Task description - From the line containing "Kanalasta tehty lämmin vierashuone." to the line containing "0,6л d верха" in the records below, set down every line exactly as it stands, both ends included, and skip the pictures.

The input -

##########

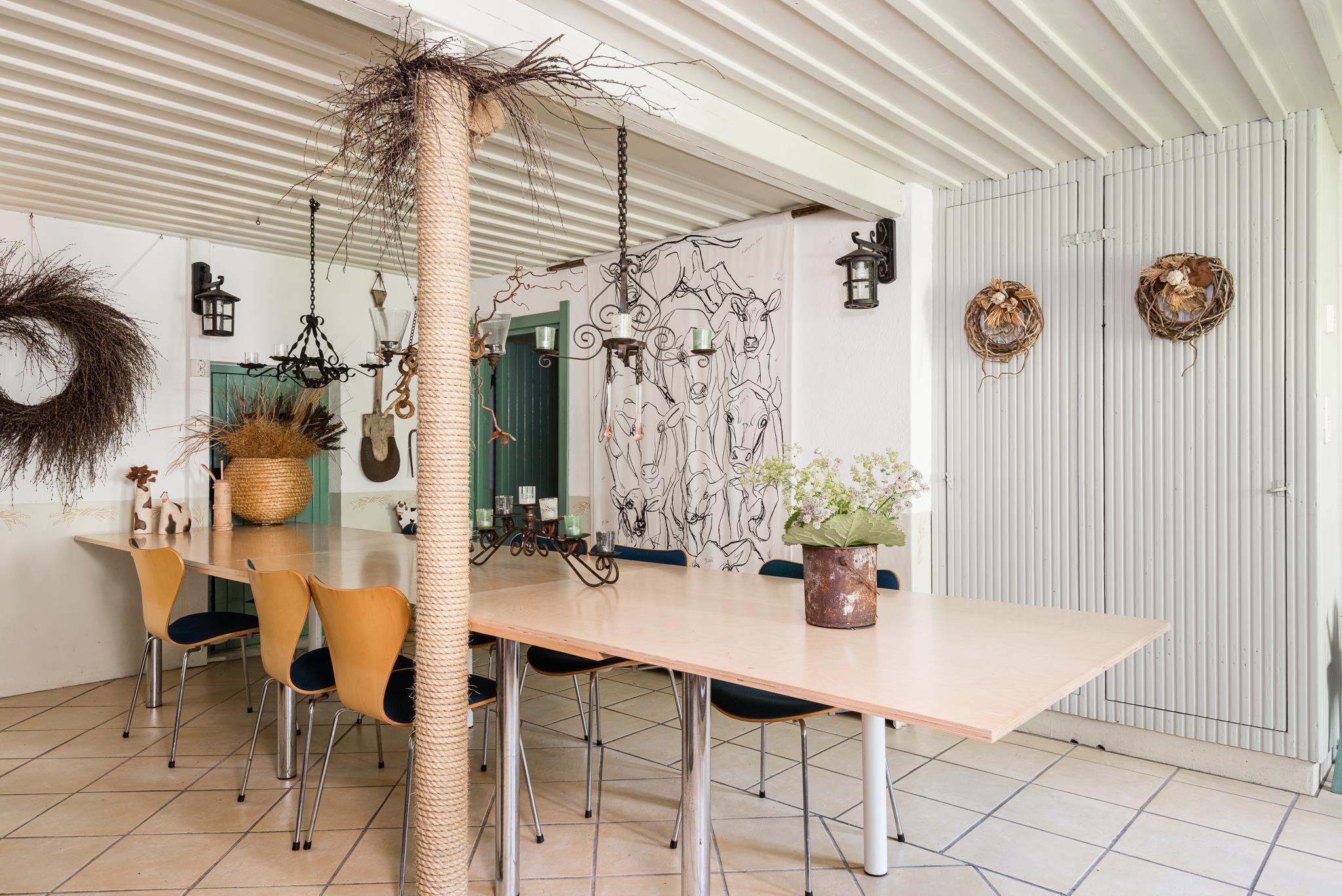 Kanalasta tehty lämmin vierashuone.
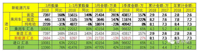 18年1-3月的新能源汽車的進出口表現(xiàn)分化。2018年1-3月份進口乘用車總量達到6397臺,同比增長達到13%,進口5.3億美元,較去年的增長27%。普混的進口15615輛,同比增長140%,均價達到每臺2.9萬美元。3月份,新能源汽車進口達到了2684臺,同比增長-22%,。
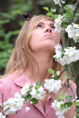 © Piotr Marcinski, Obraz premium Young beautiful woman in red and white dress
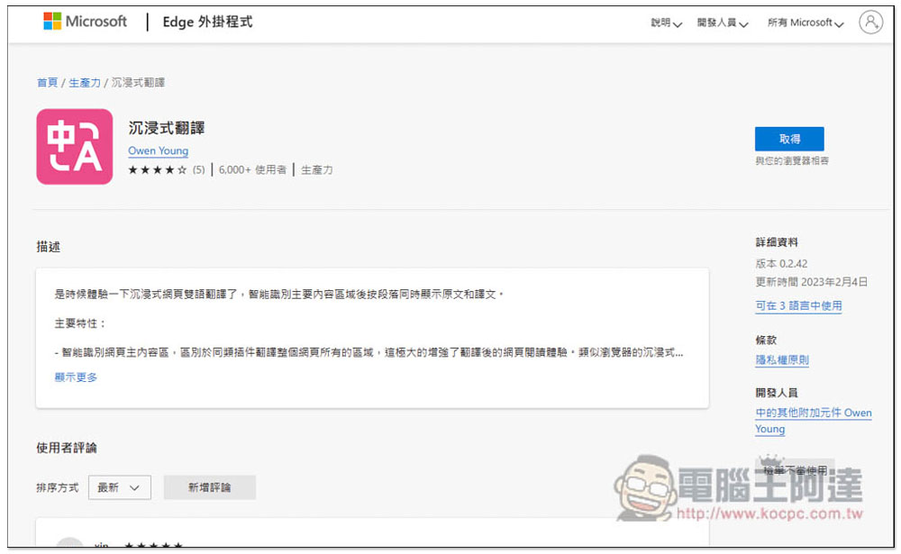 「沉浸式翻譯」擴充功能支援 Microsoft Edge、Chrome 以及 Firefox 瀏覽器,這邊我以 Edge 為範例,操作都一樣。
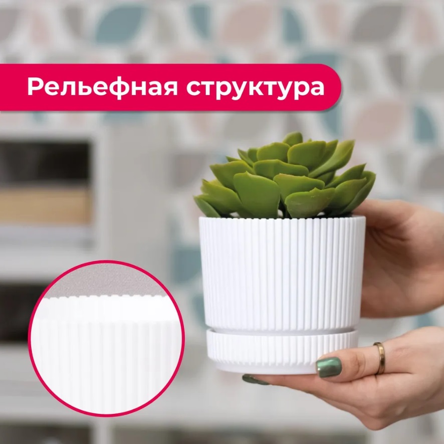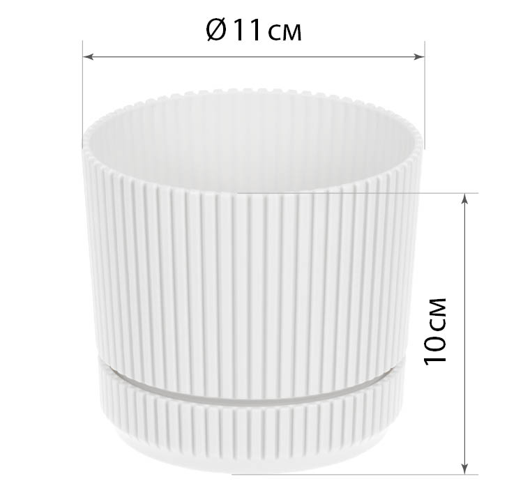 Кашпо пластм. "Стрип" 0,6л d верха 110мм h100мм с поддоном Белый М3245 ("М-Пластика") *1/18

##########

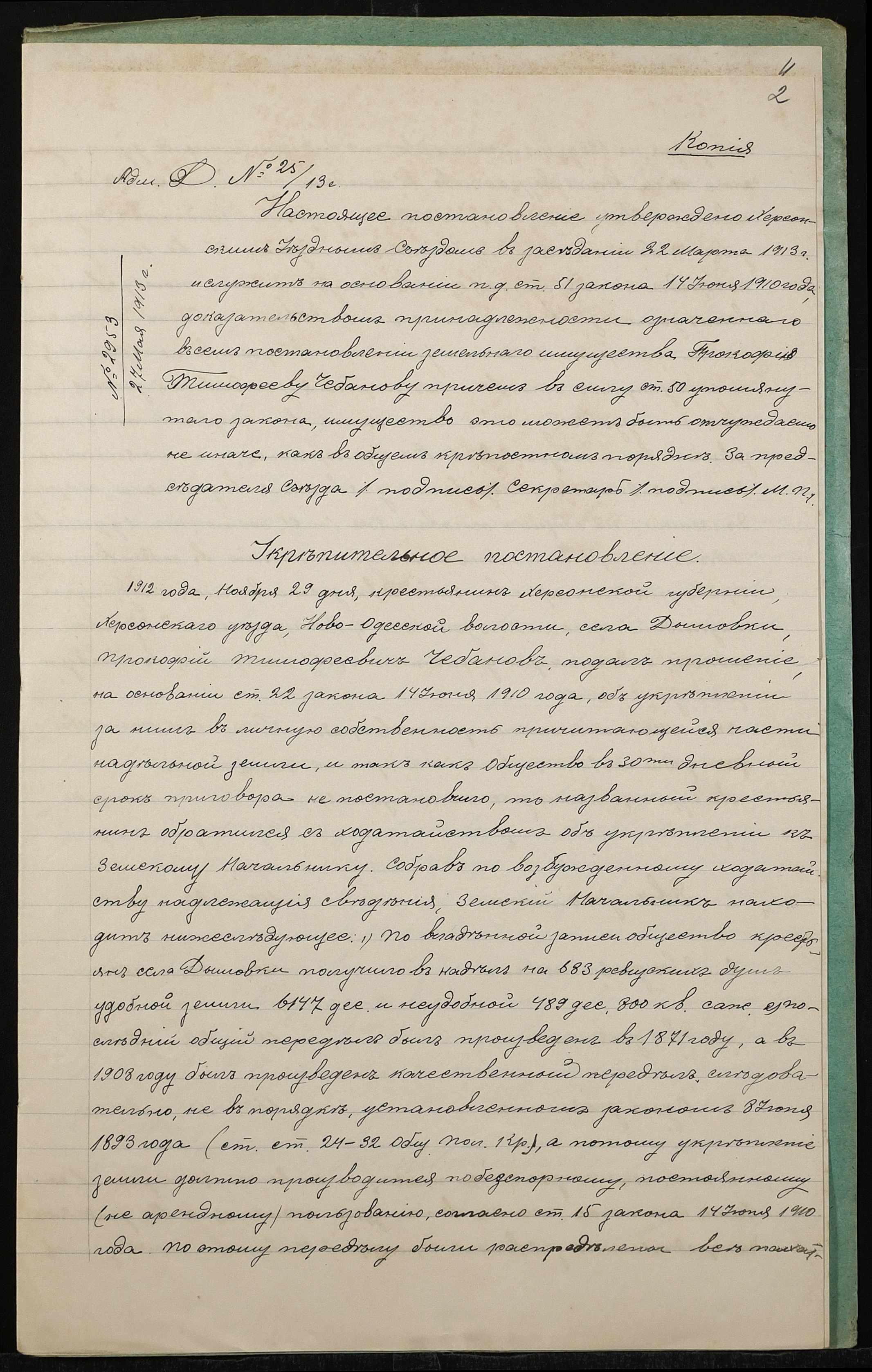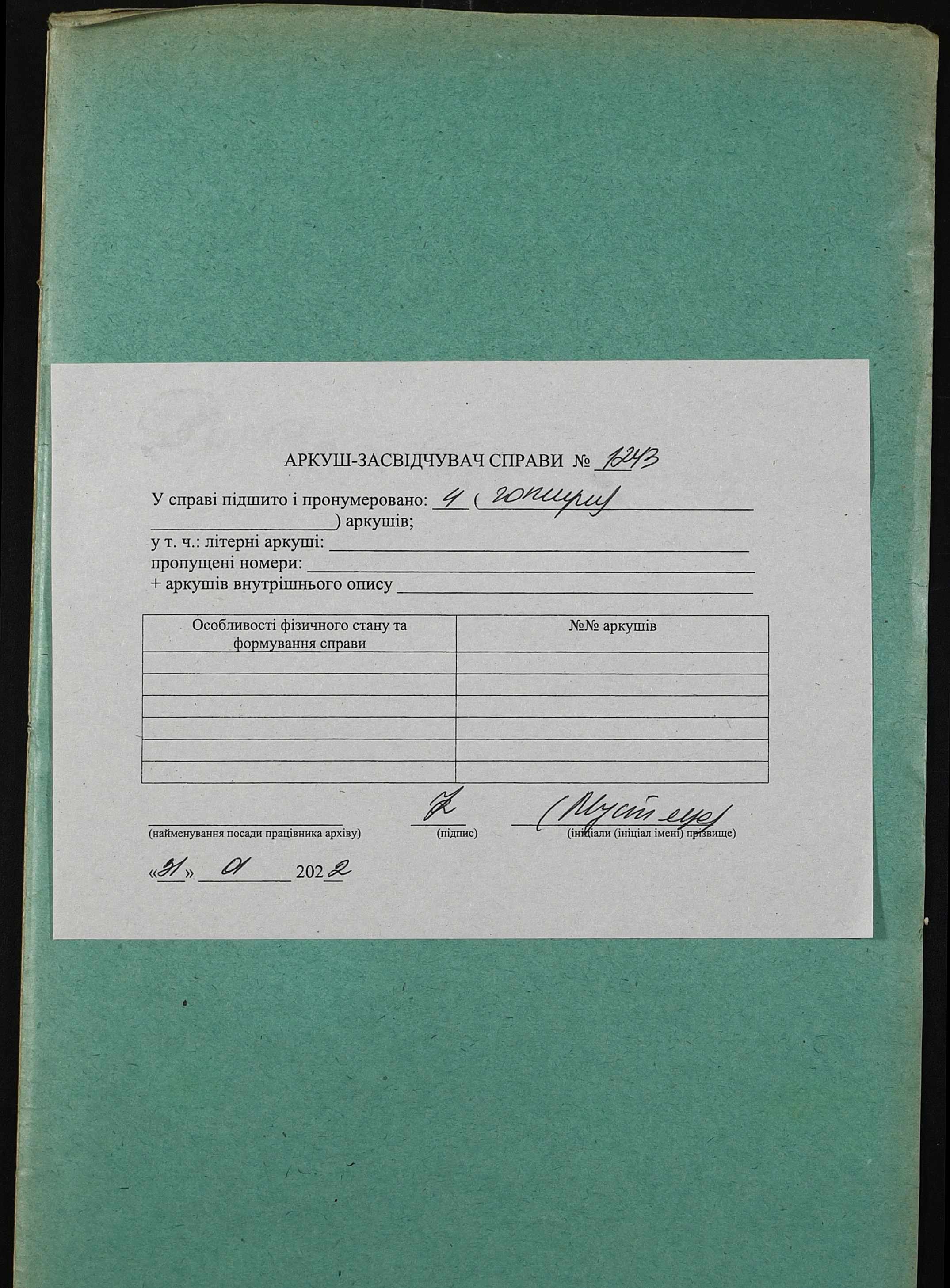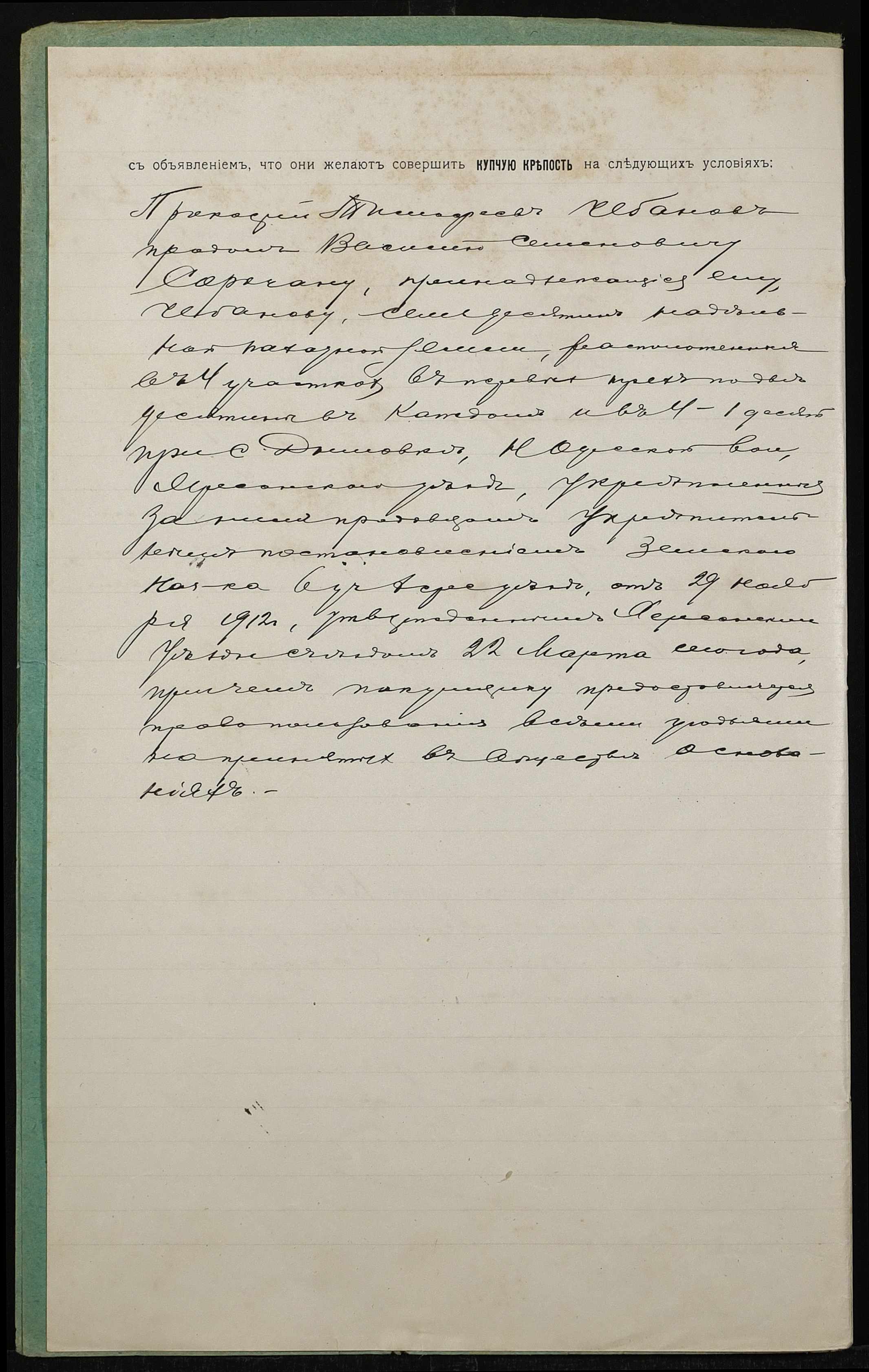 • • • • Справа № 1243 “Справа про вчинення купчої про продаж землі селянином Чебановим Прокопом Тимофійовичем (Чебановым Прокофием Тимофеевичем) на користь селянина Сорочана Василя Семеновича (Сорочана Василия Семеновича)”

##########

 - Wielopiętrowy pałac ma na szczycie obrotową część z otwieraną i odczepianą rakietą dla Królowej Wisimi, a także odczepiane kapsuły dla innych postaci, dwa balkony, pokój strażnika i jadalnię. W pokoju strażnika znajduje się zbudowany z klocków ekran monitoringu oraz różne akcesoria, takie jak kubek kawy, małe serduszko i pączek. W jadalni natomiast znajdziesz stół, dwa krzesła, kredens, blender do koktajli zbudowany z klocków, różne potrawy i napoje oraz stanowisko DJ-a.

##########

Reply to the exercise -
 Kanalasta tehty lämmin vierashuone.
 18年1-3月的新能源汽車的進出口表現(xiàn)分化。2018年1-3月份進口乘用車總量達到6397臺,同比增長達到13%,進口5.3億美元,較去年的增長27%。普混的進口15615輛,同比增長140%,均價達到每臺2.9萬美元。3月份,新能源汽車進口達到了2684臺,同比增長-22%,。
 © Piotr Marcinski, Obraz premium Young beautiful woman in red and white dress
 「沉浸式翻譯」擴充功能支援 Microsoft Edge、Chrome 以及 Firefox 瀏覽器,這邊我以 Edge 為範例,操作都一樣。
 Кашпо пластм. "Стрип" 0,6л d верха 110мм h100мм с поддоном Белый М3245 ("М-Пластика") *1/18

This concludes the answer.